Can anybody help me?
What does SPQR mean? I see it in roman movies, pictures, and other images.
Is this a latin abbreviation for something?
Can anybody help me?
What does SPQR mean? I see it in roman movies, pictures, and other images.
Is this a latin abbreviation for something?
Senatus Populus Que Romanus…the Senate and the people of Rome
I seem to remember it as Senatus Populusque Romae
Google search got: “Senatvs Popvivsque Romanvs”
In Latin, que is a suffix that can be tacked onto a word meaning “and.” Specifically, it means that the word to which it is suffixed is the added word. When placing abbreviations on monuments, the Q was included to indicate that an “and” had been in the original meaning.
OK, I think you’ve got some pretty good translations posted above to help answer your post. But how is this expression used today? Basically, it’s used to suggest “the people and our elected officials,” or more generally, “everyone who matters”
To attempt to provide a little more context, IANALatin Scholar, but S.P.Q.R. was a “motto” of the Roman Republic, and was seen around the city and maybe even on standards going into battle (?). It was representative of the fact that Rome was a republic not a monarchy, something the Republic was as proud of back then as we Americans are today of being a democracy. They basically used the phrase to blow their own horns in a bit a national pride.

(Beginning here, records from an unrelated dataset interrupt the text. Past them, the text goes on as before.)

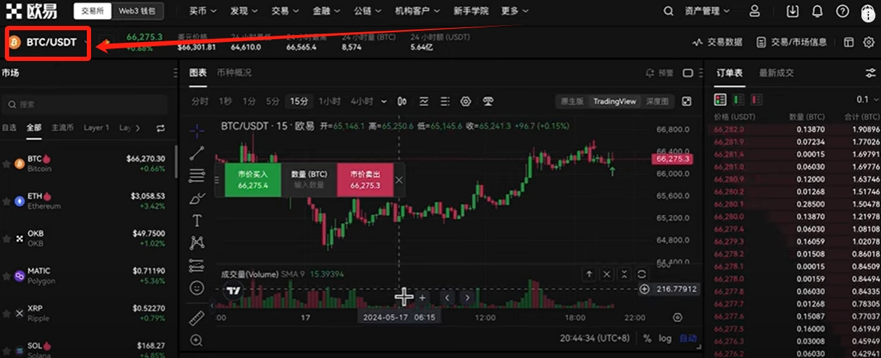 同样选择“BTC/USDT”的交易对。
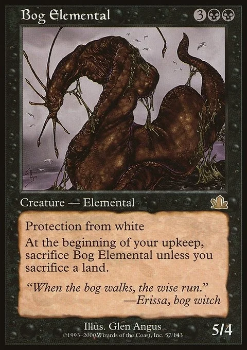 Protection from white At the beginning of your upkeep, sacrifice Bog Elemental unless you sacrifice a land.
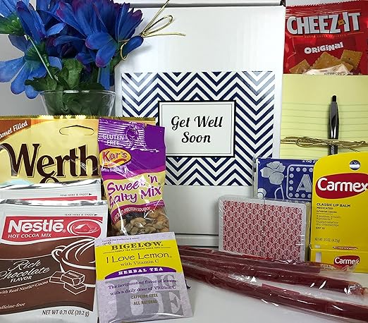 Your get well package begins with: Shop all get well gifts. Better than therapy send a get well gift that offers your loved ones an assortment of food, snacks and goodies that are guaranteed to make them smile. Box full of hand picked items sure to make that special person in your life feel better. Get well soon gifts treat someone when they need it most with our thoughtful collection of get well soon gifts. 5 out of 5 stars. Kedrian care package box, warm & relaxing sympathy blanket, socks, tumbler, mask, candle, perfect get well gifts for women & men, sympathy gift baskets, get well care package for women & men 143 $59 95 Get well soon gift for women | care package gift basket surgery recovery, covid | feel better w/ snacks, mug, socks & personal care | mom. No matter the ailment, your recipient will feel a little better from the moment they open their get well package. 5 out of 5 stars. Get well sooner treats care package this care package is tucked away with ludens cherry sours, campbells chicken noodle soup, rapid relief hot/cold packs, a stress ball and deck of cards to relieve the stress, and a few get well themed snacks to munch on while recuperating. You'll show extra thought with a unique package of goodies just for the person you love. 5 out of 5 stars.

As for its use today, Pablito may be right, but I don’t recall seeing it used to represent “everyone who matters” in a more generic fashion, the way that Ancient Roman words like “patricians” and “plebians” are used with regularity today to generically describe blue bloods and commoners…
Not to be confused with the business motto SPQR = “Small Profits, Quick Returns”…
It closely resembles “the Crown in Parliament” in British use and “the people of the United States in Congress assembled” in early American text – the people conceived of as the basis of sovereignty and their chosen political institutions, the first acting through the other, as the basis for the validity of political decisions.
And it is definitely Senatus Populusque Romanus. Accept no other spellings.
In modern Rome, all the sewer grates and various other public works still stay SPQR on them.
Police cars, too, IIRC, tho’ it’s been a few years since I was there.